Mastery

Mastery learning has the power to revolutionize our education system.

Since Mastery is not required in any educational arena, homeschooling is the only option available for parents to enable their children to learn at a mastery level.

Mastery is simply defined as “command or grasp, as of a subject.”

For example, “Lilie has mastered short vowel sounds,” or “Peter has mastered the present tense French verbs.”

All home schooled children should earn an “A” in each and every subject.

Why would I make this outlandish statement? Simple. A student does not move on until an A is achieved on the material. A student doesn’t move on until he or she totally understands what has just been presented.

A very, very simple concept with life-changing implications.

Mastery requires practice. Practice, practice, and more practice. If a student does less than A work, then the material is re-done until the student can demonstrate that he or she thoroughly understands the material.

Why should a parent or teacher or school administrator EVER be happy with B-level work? A = Excellent; B = Good.  Why is “Good” good enough?

If a student only grasps 80% of the material, he is not “getting it.” It is a disservice to the student to allow him to move on. How can you build onto that old concept when you don’t truly understand it? There is no disgrace in practicing until the light bulb goes on.

All students are capable of mastery. All students may not enjoy a subject being studied, but if mastery is required, if mastery is expected, then the student will sit up, pay attention, and soak up the material the first time around because he knows he will be going back over the material if it is not understood.

Going back over material is not punishment! It is practice. There is a huge difference.

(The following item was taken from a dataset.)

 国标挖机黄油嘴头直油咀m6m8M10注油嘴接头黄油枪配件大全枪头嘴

Perhaps a student is not ready to tackle a certain subject at a certain age.  That is known as readiness, and I urge parents to look for readiness. Children learn at different speeds as we all know. Some things just can not be forced. In a situation where the learner has not reached the point where the learning is possible, I say wait.

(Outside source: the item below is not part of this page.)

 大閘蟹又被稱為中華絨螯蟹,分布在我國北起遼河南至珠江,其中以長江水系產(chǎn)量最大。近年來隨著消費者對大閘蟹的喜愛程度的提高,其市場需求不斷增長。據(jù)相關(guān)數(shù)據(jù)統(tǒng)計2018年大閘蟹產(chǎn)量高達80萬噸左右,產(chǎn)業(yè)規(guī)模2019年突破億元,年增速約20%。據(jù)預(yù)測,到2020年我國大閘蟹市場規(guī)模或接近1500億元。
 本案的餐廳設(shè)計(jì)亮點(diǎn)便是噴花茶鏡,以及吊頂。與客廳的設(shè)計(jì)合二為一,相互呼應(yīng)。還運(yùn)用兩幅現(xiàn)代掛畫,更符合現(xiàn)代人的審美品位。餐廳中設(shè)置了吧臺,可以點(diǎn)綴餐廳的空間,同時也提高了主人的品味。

If you do not expect mastery in your home school, chances are exceptional that you will not receive mastery-level results from your students. Human nature often dictates that “good is good enough.” Is good good enough for you as a parent?

Most of us as homeschooling parents pore over curriculum year after year to find just the right tools for teaching our children. We have a great blueprint, so to speak.

Picture a construction company beginning a project. The blueprints look excellent. They are well thought out and structurally sound on paper, so the actual building begins.

Oddly, the building of the foundation is off by 15%, but the accuracy target is hit 85% of the time. Oh well. We’re still operating at a good level.

The building of the first floor level is off by 18%, but it is still good by the standards the company is using. No need for concern; they probably have built in some leeway for being off-target anyway.

What if you knew that this building project was for a 60-story building? Would that make a difference? The errors made on the construction of a single-story house are not going to be as horrific or potentially life-threatening as those made on a 60-story building. Would you want this construction company to build your home?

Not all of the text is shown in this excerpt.